I'm pleased to report that my trip from Beijing to Portland went off seamlessly yesterday, even slightly better than planned, considering that I unexpectedly got to travel with some classmates on the way home. One of the underrated aspects of travel is the unique pleasure of reuniting with family upon returning, and I definitely savored this homecoming, after almost three weeks abroad.

But now, sitting in my kitchen at 7AM (I was wide-awake at 5:30 and may not be conscious for fireworks tonight!) contemplating my trip, I'm not quite sure how to summarize my experiences in a satisfying way. I can't hope but to give myself, much less you, the reader, more than a glimpse into even the very small fragments of China that I was part of, so I've been feeling at a loss.
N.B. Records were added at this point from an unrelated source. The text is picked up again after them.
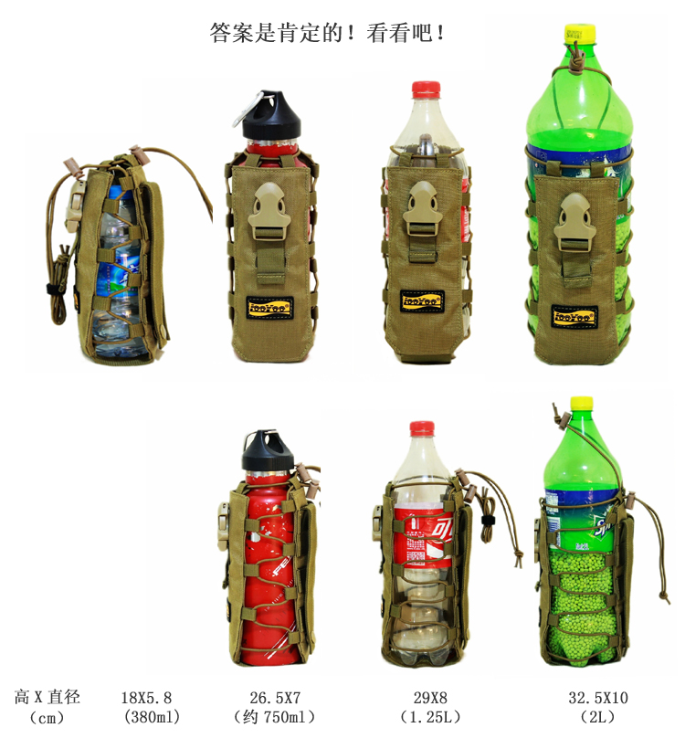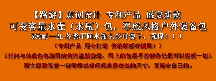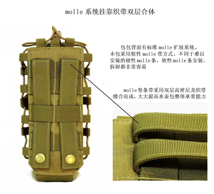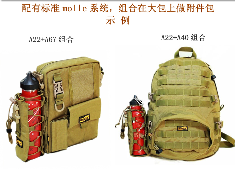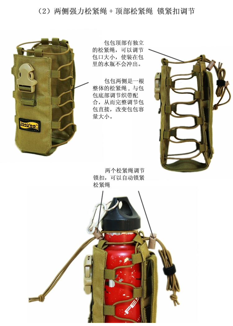 水瓶附件包,东西不错,用料扎实,比较能装东西,不同大小与瓶形的水瓶水罐大多都放得下,很实用,茉莉系统也很标准,适用范围广,希望今后能出轻量版。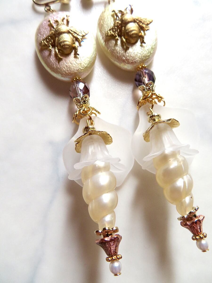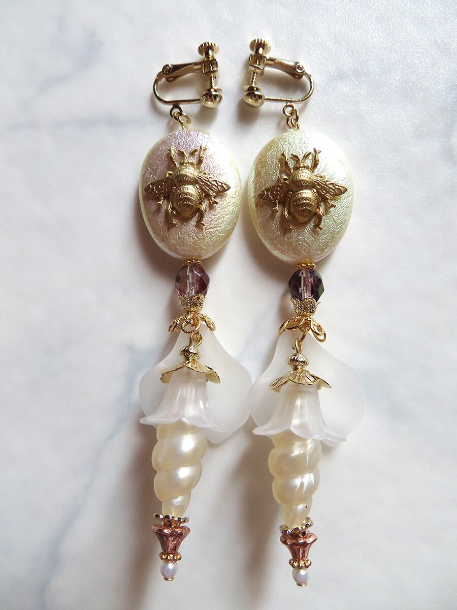 ブラスの蜂は片面のみ。繭のような螺旋状のビーズが美しいデザインです。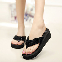 2018新款松糕夹脚拖鞋女坡跟厚底黑色亮片防滑凉拖鞋夏季女人字拖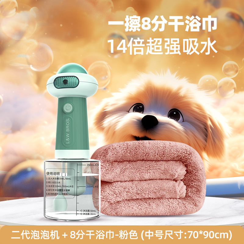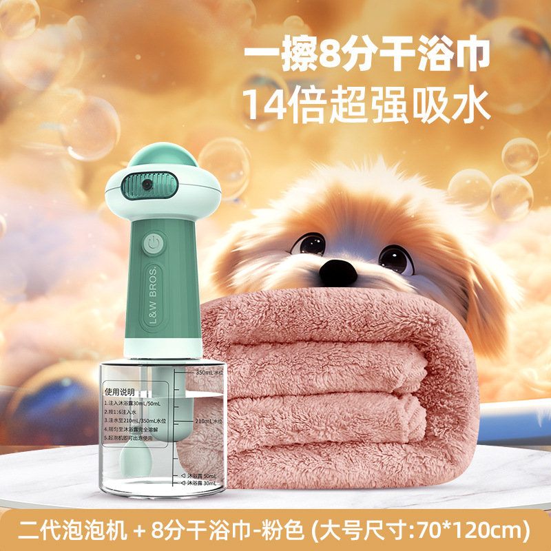 • 2세대 목욕거품기 + [8분건조] 흡수성 목욕타올 - 핑크 - 중형

Of course, this feeling could be partly due to the fact that I "lost" my camera ("Lost" in quotes because it turns out that at least one other camera and an iPhone suffered a similar fate that night) while enjoying some Beijing nightlife on our last night together as a group, and am unable to report pictorially on the Beijing Zoo (Pandas!), Olympic Pavillion (Bird's Nest and Water Cube), and my first venture into the wonderful world of Karaoke.

But it's much more likely though that I feel unable to summarize my trip because I'm unwilling to admit that the process of synthesizing experience into knowledge is over for now. During our stint in Beijing our professor often urged us to be in "learning, not judging" mode, a refrain that became a sort of half-joke among many of us every time we witnessed something bizarre. (The predatory-cat house at the zoo has toxic levels of ammonia in the air? Well, maybe that's how the cats like it here! Learning, not judging people!)

And maybe that's summary enough. International travel tends to have that effect - you are so disoriented (dis-Oriented?) that you have to question the thousands of "judgments" that are otherwise constantly and unconsciously permeating your internal monologue.

I hope this journal has been entertaining and mildly thought provoking over the last couple of weeks, and thanks everyone for your comments. It's been great to have this forum in which to extrude and refine my thinking, but I'm ready to give it back to Rosie for a while now!